The (2,2) case would be similar, and the (3,1), (3,2), (3,3) all require a 4 in a row somewhere or a legal flip.
You can use that idea I believe on sizes 3,4,5 at least. It also helps to notice something like having a N-2 or N-1 in a row on the inner NxN grid (N+2 size board) would also lead to either a win or a legal move similar to the above.
1 Like
If we change the rules so that lengths of created segments do not include external stones that did not help with the flipping, then I think this kind of construction works:
(should be a 9x9 board, ignore the lines continuing to the lower right)
That is the closest I got, nothing I found was even close to working with the actual rules. So far it seems impossible
Oh so is it like, only the stones that are flipped are what’s being counted in that construction? Edit: ok you can include the “two” that contribute to the custodial capture, but in this case, not the one that’s being removed after.
So each time you would flip, there’s at least that many cutting across it. It’s a nice construction
I think the idea of these kinds of rules in some of mark’s games is that there’s something that’s causing an irreversible progress in the game, some counter that keeps increasing, in some games it might be largest group size, or pieces that are forced to move in one direction or pattern, or here I suppose it’s these lengths to flip a piece repeatedly.
Yeah somehow it seemed kind of natural to me to only count those stones, since other ones are not contributing to creating the new segment, they just happen to be sitting there adjacent to it. (I’m not saying this is more natural than the actual rules, but it didn’t seem too unreasonable and I honestly wasn’t sure just from the rule description which was intended)

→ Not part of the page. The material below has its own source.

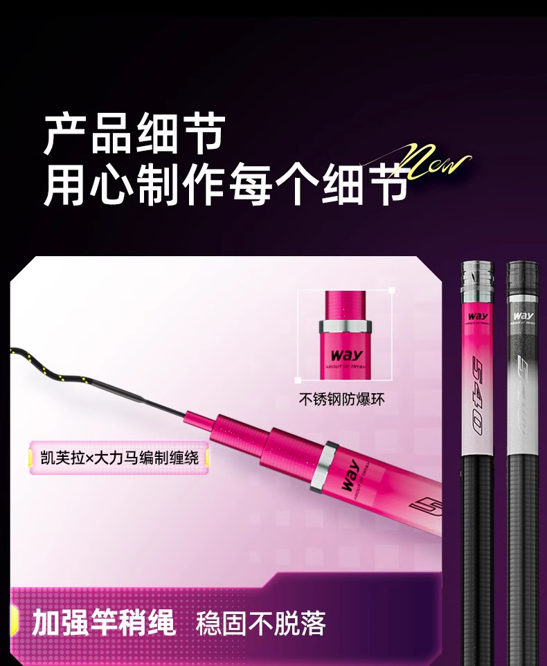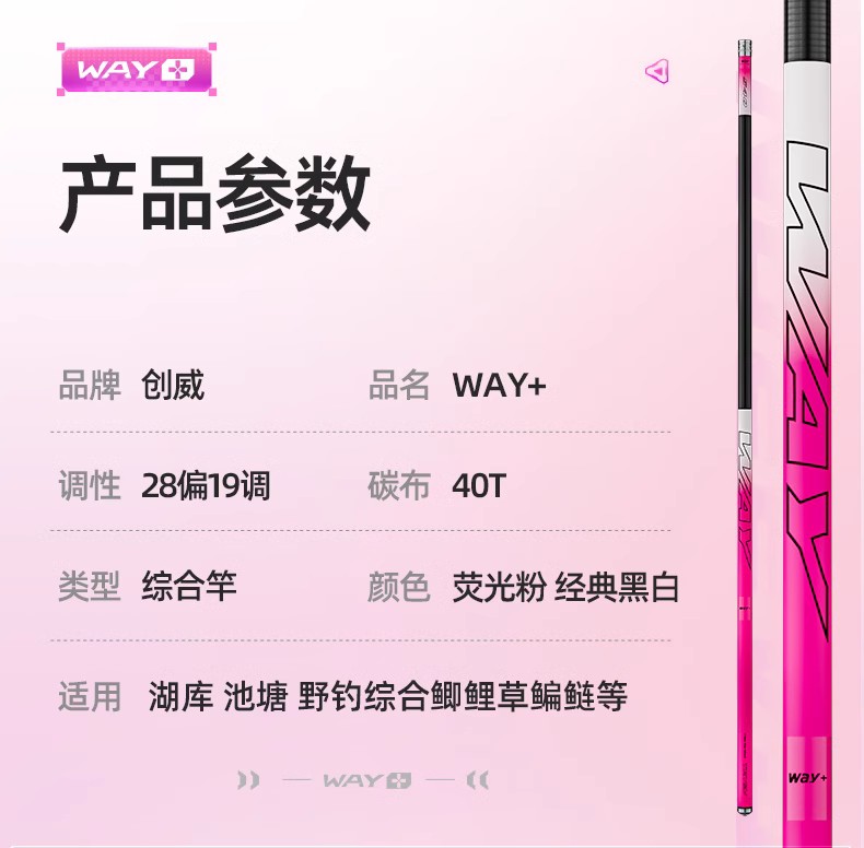 创威鱼竿WAY+钓鱼竿手杆超轻超硬台钓竿轻量野钓鲫鱼黑坑综合手竿

At first I thought even with this more restricted ruleset (more restricted in the sense that fewer moves are legal) it might be impossible to create a drawn position, but apparently not!
Does Mark himself (or someone else) have a proof that draws are impossible, or is it an open question?
I think it’s an open question, but it’s kind of a prototype for an N in a row game that’s finite and hopefully without draws.
from Michael Amundsen there
There is no proof of its decisiveness. There is some hand-waiving and some failed attempts at making the game lock up without a winning line. Seems solid, but proof would be great. Its finitude is certain, though. The only way to cut a line is to make a longer line.
Edit: I thought it kind of fits in here, because one could maybe do some magic to optimise brute force searches to get to higher and higher board sizes, or one could try to do some tricks like stripping away parts of the board for a kind of induction, or maybe one could come up with a constructive method, or some counting function or whichever Flexible ideas for approaches.
1 Like
What is the most stones that one can place on a 9x9 board, such that no three form an acute triangle?
3 Likes
I don’t know what the largest is, but does this 17 count?
If two of the three stones are on the same side, and the third is on the other perpendicular side, one angle should be more than 90º.
2 Likes
And then say another 17
The idea being there’s two parallel lines, two of the stones line on one line, and one on another, but the smallest angle one can make one of angles (at the single stone) is 90º, because of the grid and the proximity of the parallel lines.
Edit: I think there’s a small caveat - if the single point is “between” the other two points, that’s the above illustration, but when it’s “outside” the two, it can be acute, but then another angle, the one at the closer of the two stones becomes obtuse.
1 Like
If we’re assuming a square board, squares of squares, does this work fo 18?
two parallel lines, at least two of the points belong to one line.
Cases:
- if two points are horizontally aligned it’ll have a right angle.
- If the two points are one space above and below the single point, it’s isosceles (assumptions about using the centre points and squares). Then the angle at the single stone is 90º.
- move the single stone out beyond (vertically higher or lower) than both stones, it increases the angle at the nearest of the two stones beyond 90º.
- move the two stones, further away from an inner single stone than one space apart, and the 90º angle at the stone increases.
?
4 Likes
^^ I think this one only has legal moves for Blue. There’s a few variations on it as well.
and I think a slightly smaller example
I think this might be a 19x19 board example of a “game” with no moves for either player, though whether you can guarantee to set it up, cooperatively say from playing it, I don’t know
Explanations of the numbers: The red and blue numbers around the perimeter are the length of segments if they could be flipped with a legal placement. The green lines highlight the blocking blue chains, and the white lines the blocking red chain, and then the lengths of those for convenience.
Not sure if there’s corner patterns that could lead to a smaller example. A lot of the centre is fairly redundant.
3 Likes
Wow, I was really leaning towards thinking it was impossible!
1 Like
I think one can prove that your 18-stone construction works as follows:
Given two distinct points, which define a line segment, we have restrictions on where a third point may lie in order to complete an acute triangle with these two.
- Draw two parallel lines, perpendicular to the line segment, each passing through one of the two points.
- Draw a circle with its diameter defined by the line segment.
The valid points to complete an acute triangle exactly corresponds to the points strictly between the two parallel lines and strictly outside of the circle. Applying this property to the above 18-stone example, we can see that we cannot find two stones that have a corresponding third stone in the allowable region.
2 Likes